* **Dataset extract**:
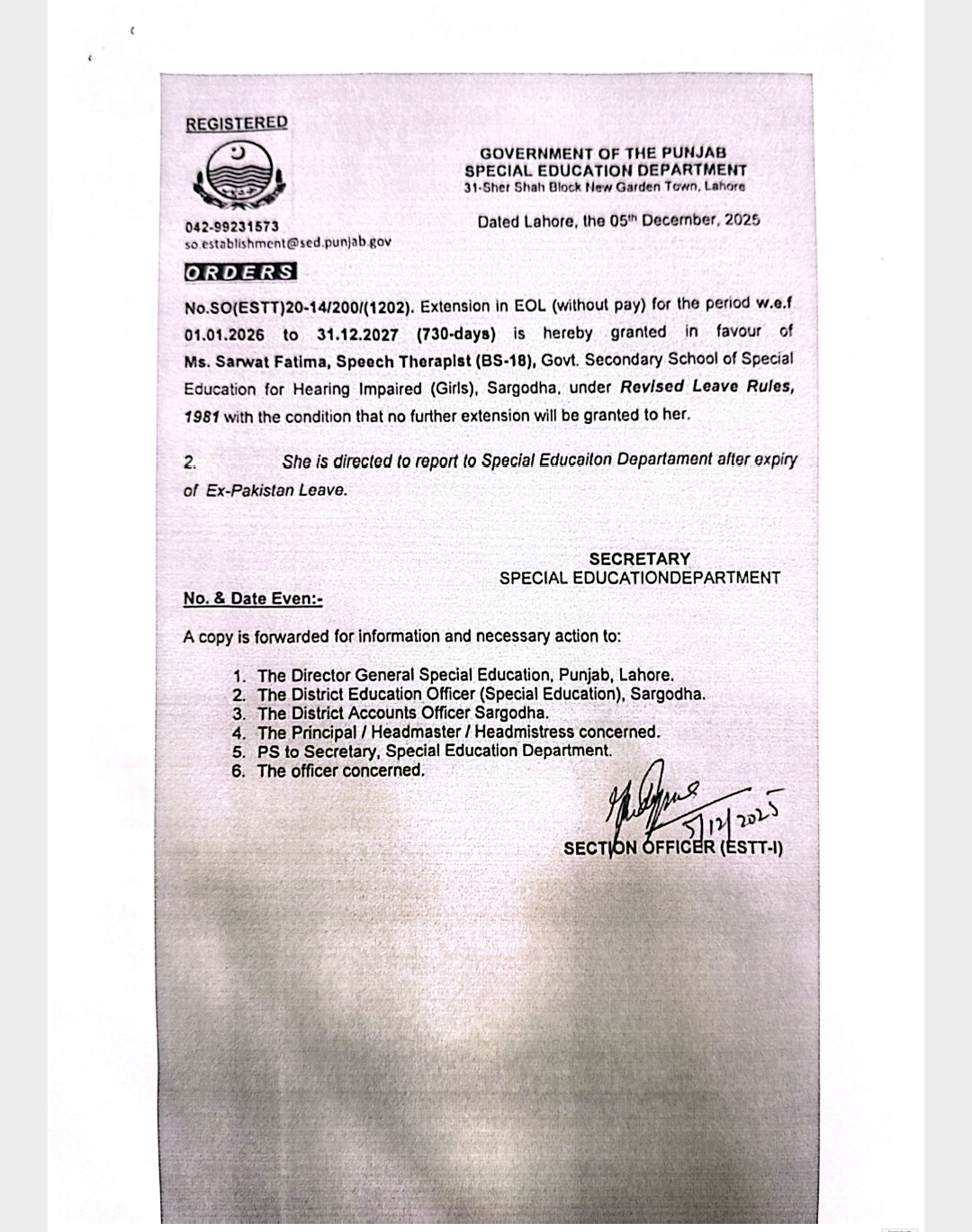 Extension in Extra Ordinary Leave |
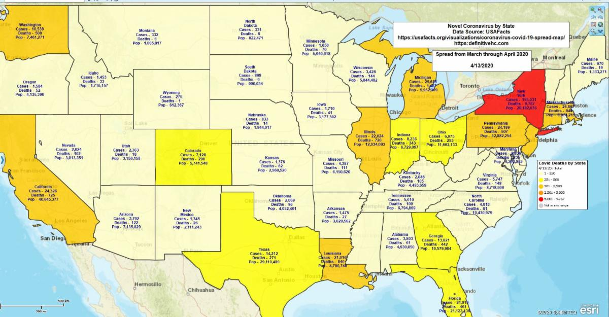 We've been publishing a blog link to our time-lapse map visualizing the COVID-19 USA contagion spread through March and April. This COVID-19 Map Gallery Link also describes the spread of the virus and is being updated daily (there have been a few interruptions due to lack of source data).
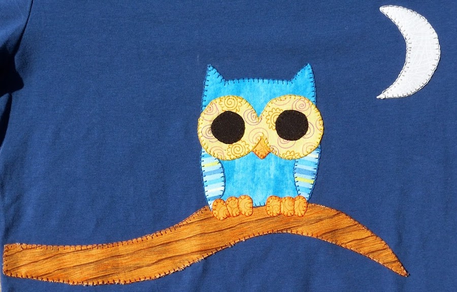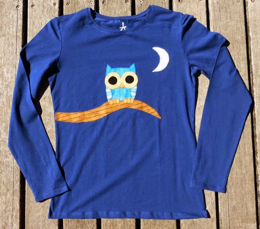 Hoy os traigo una muy chula con un búho colocado sobre una rama en tonos azules y naranjas, que hacen una combinación perfecta con el fondo de la camiseta que es un azul oscuro, y que simula perfectamente que es la noche sobre la que destaca el búho y la luna llena.
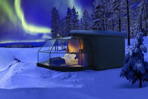 O Arctic Fox Igloos fica na Lapônia finlandesa, um dos locais com a maior chance de se observar o fenômeno. Os belos iglus com teto de vidro ainda ficam nas margens do Lago Ranuanjärvi, que também brinda os hóspedes com um cenário maravilhoso durante o dia. Quem decidir aproveitar um pouco dessa magia, ainda pode passear de trenó e fazer safáris na neve.

* **Task item**: Copy nothing but the lines from the line that contains "Hoy os traigo" through the end of the listing, exactly, and keep pictures out of it.

* **Exercise result**:
 Hoy os traigo una muy chula con un búho colocado sobre una rama en tonos azules y naranjas, que hacen una combinación perfecta con el fondo de la camiseta que es un azul oscuro, y que simula perfectamente que es la noche sobre la que destaca el búho y la luna llena.
 O Arctic Fox Igloos fica na Lapônia finlandesa, um dos locais com a maior chance de se observar o fenômeno. Os belos iglus com teto de vidro ainda ficam nas margens do Lago Ranuanjärvi, que também brinda os hóspedes com um cenário maravilhoso durante o dia. Quem decidir aproveitar um pouco dessa magia, ainda pode passear de trenó e fazer safáris na neve.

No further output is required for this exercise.